[YOUR INSTRUCTIONS]
A stretch of the entries below is to be set down exactly, running from the line with "- Na wyspie" through the line with "当日沪深主板成交额前10大个", both included, and no other line.

AVAILABLE RECORDS section start

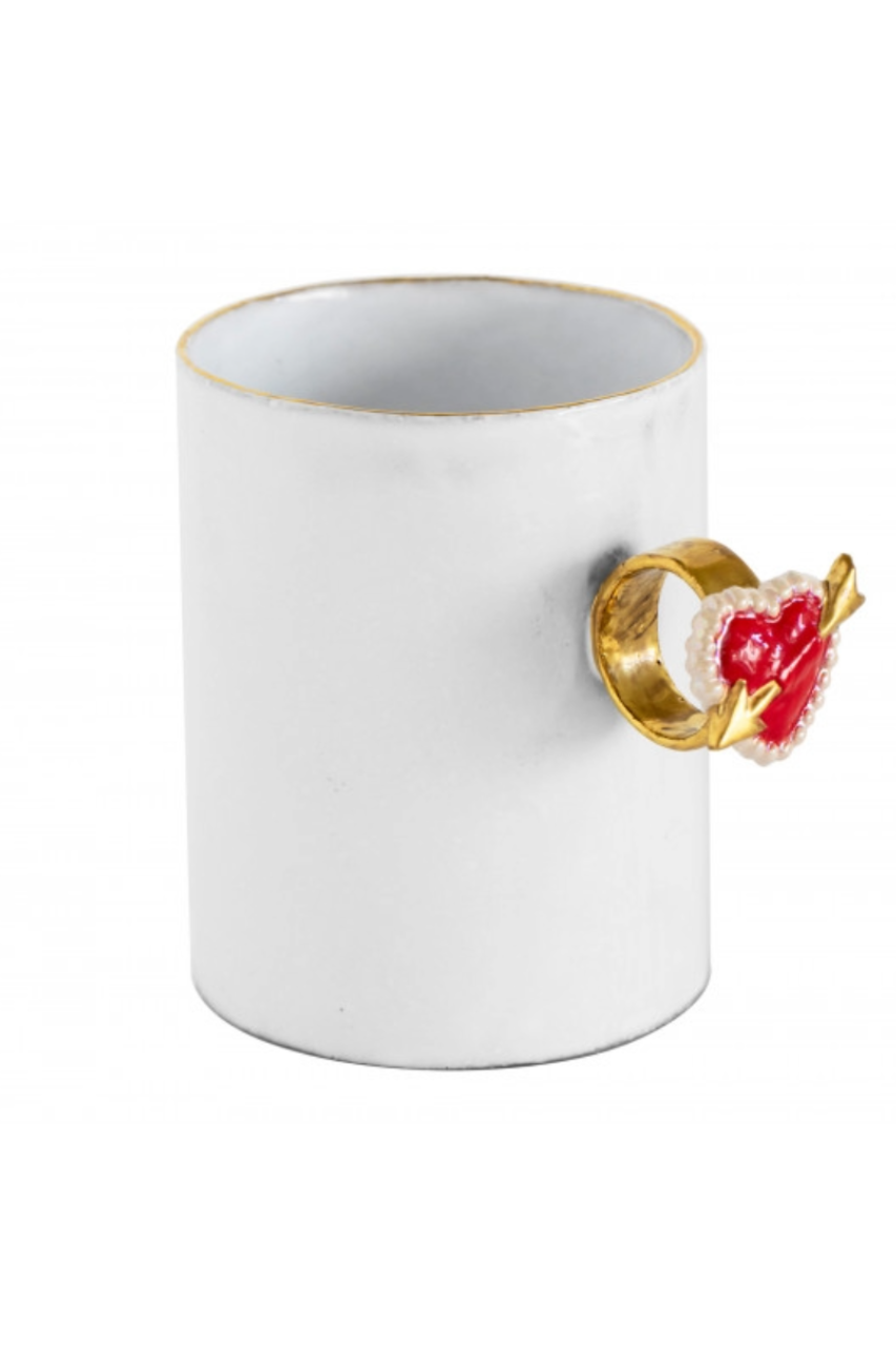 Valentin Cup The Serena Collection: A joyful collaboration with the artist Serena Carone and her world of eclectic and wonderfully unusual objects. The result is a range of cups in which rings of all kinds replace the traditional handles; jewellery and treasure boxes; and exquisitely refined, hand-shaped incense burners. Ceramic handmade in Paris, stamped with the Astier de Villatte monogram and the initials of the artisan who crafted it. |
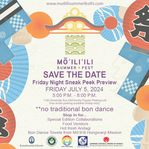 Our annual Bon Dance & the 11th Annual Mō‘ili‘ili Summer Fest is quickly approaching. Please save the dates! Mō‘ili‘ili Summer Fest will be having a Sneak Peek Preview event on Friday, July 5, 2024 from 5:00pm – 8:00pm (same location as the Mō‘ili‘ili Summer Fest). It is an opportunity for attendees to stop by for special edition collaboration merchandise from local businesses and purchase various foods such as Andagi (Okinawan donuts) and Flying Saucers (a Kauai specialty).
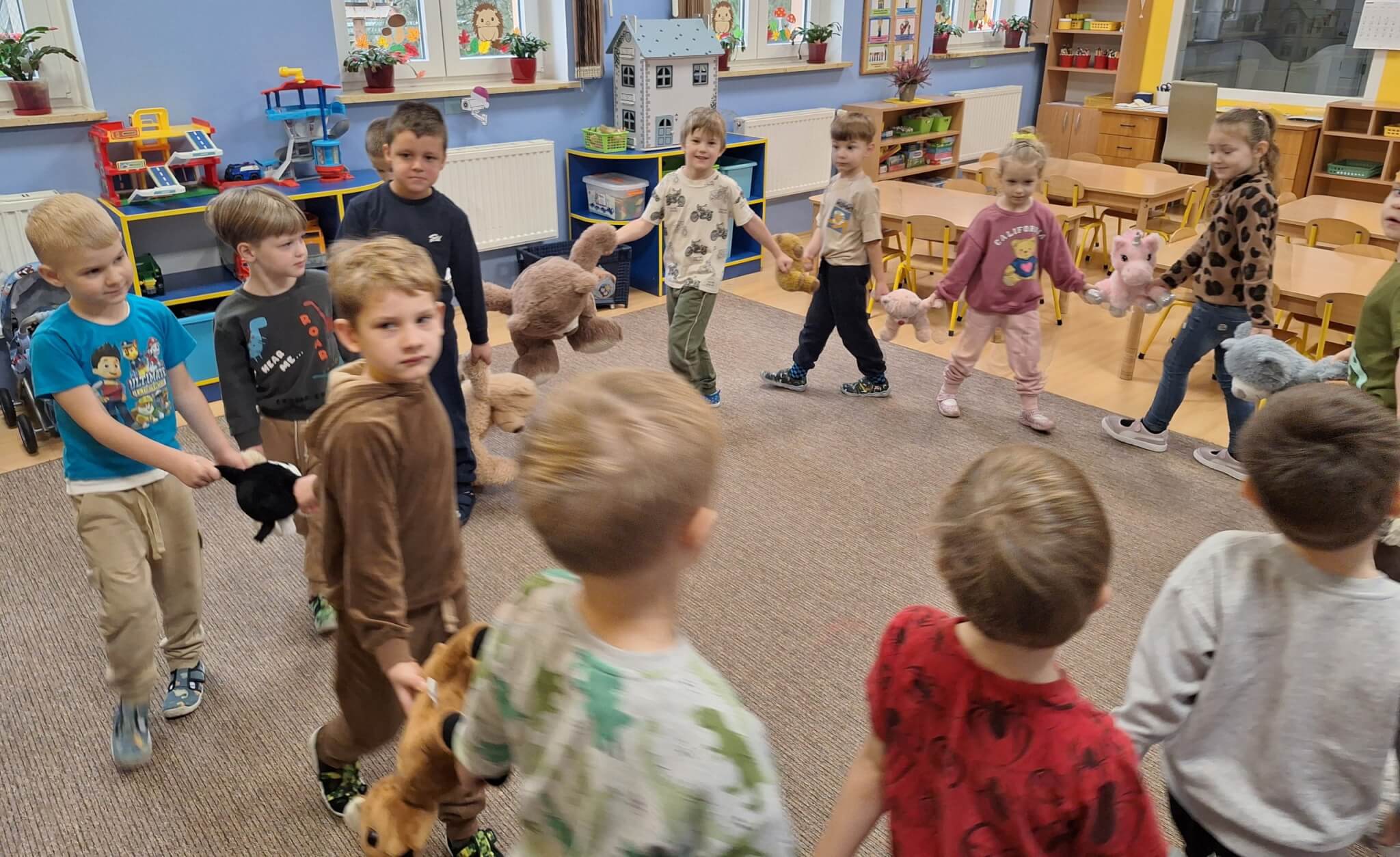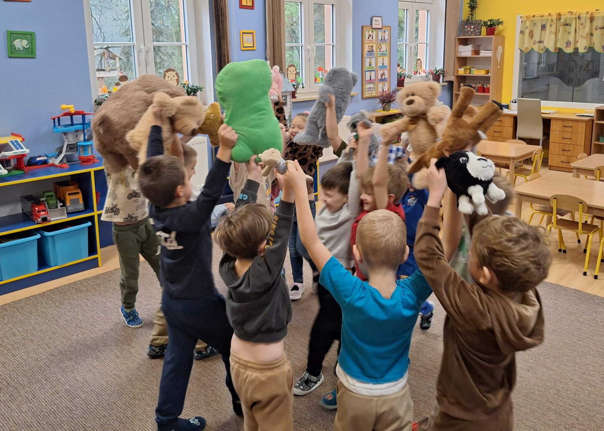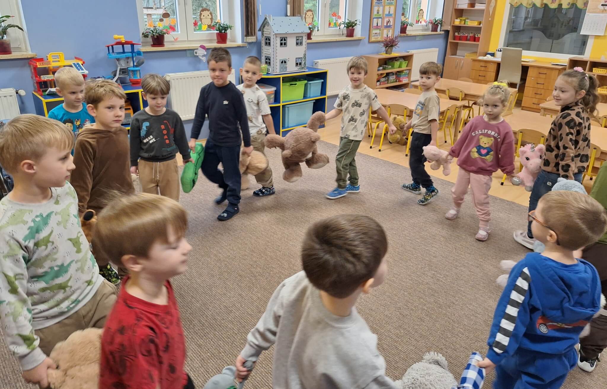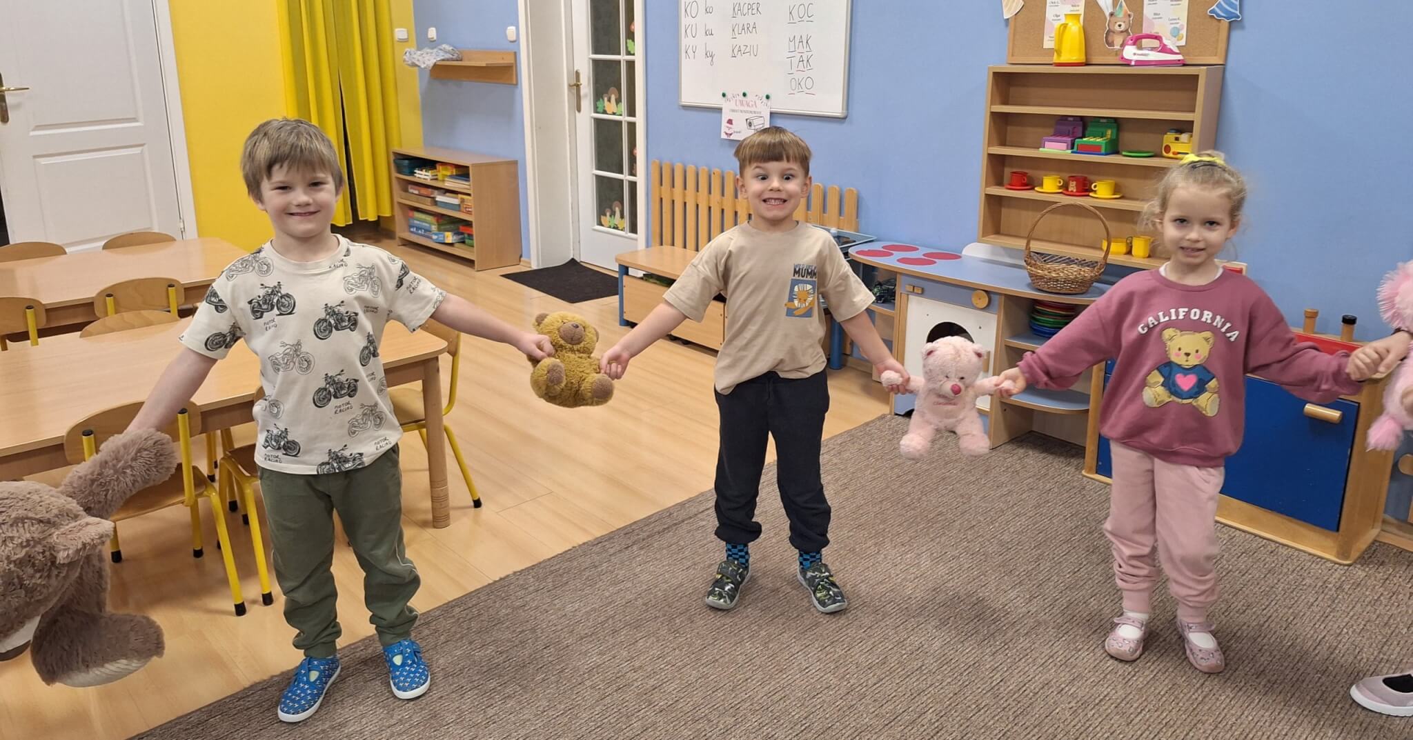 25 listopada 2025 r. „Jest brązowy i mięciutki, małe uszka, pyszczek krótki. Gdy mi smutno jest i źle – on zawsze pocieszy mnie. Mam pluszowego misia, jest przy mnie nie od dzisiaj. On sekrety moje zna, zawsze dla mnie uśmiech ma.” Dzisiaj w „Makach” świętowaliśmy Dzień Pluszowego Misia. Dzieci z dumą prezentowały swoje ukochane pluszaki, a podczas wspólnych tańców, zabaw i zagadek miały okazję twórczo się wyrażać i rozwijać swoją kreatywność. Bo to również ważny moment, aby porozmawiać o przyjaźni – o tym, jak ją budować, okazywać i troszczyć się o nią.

AVAILABLE RECORDS section end
AVAILABLE RECORDS section start

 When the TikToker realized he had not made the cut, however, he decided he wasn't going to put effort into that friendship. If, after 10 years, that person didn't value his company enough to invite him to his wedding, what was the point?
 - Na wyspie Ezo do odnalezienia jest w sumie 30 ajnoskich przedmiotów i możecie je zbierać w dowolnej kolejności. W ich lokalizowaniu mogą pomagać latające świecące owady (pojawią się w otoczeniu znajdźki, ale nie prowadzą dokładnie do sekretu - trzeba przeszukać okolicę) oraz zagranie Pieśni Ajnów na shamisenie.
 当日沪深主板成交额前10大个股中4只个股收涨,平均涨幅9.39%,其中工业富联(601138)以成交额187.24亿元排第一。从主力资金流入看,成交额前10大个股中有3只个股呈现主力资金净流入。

AVAILABLE RECORDS section end

[RESPONSE BELOW]
 - Na wyspie Ezo do odnalezienia jest w sumie 30 ajnoskich przedmiotów i możecie je zbierać w dowolnej kolejności. W ich lokalizowaniu mogą pomagać latające świecące owady (pojawią się w otoczeniu znajdźki, ale nie prowadzą dokładnie do sekretu - trzeba przeszukać okolicę) oraz zagranie Pieśni Ajnów na shamisenie.
 当日沪深主板成交额前10大个股中4只个股收涨,平均涨幅9.39%,其中工业富联(601138)以成交额187.24亿元排第一。从主力资金流入看,成交额前10大个股中有3只个股呈现主力资金净流入。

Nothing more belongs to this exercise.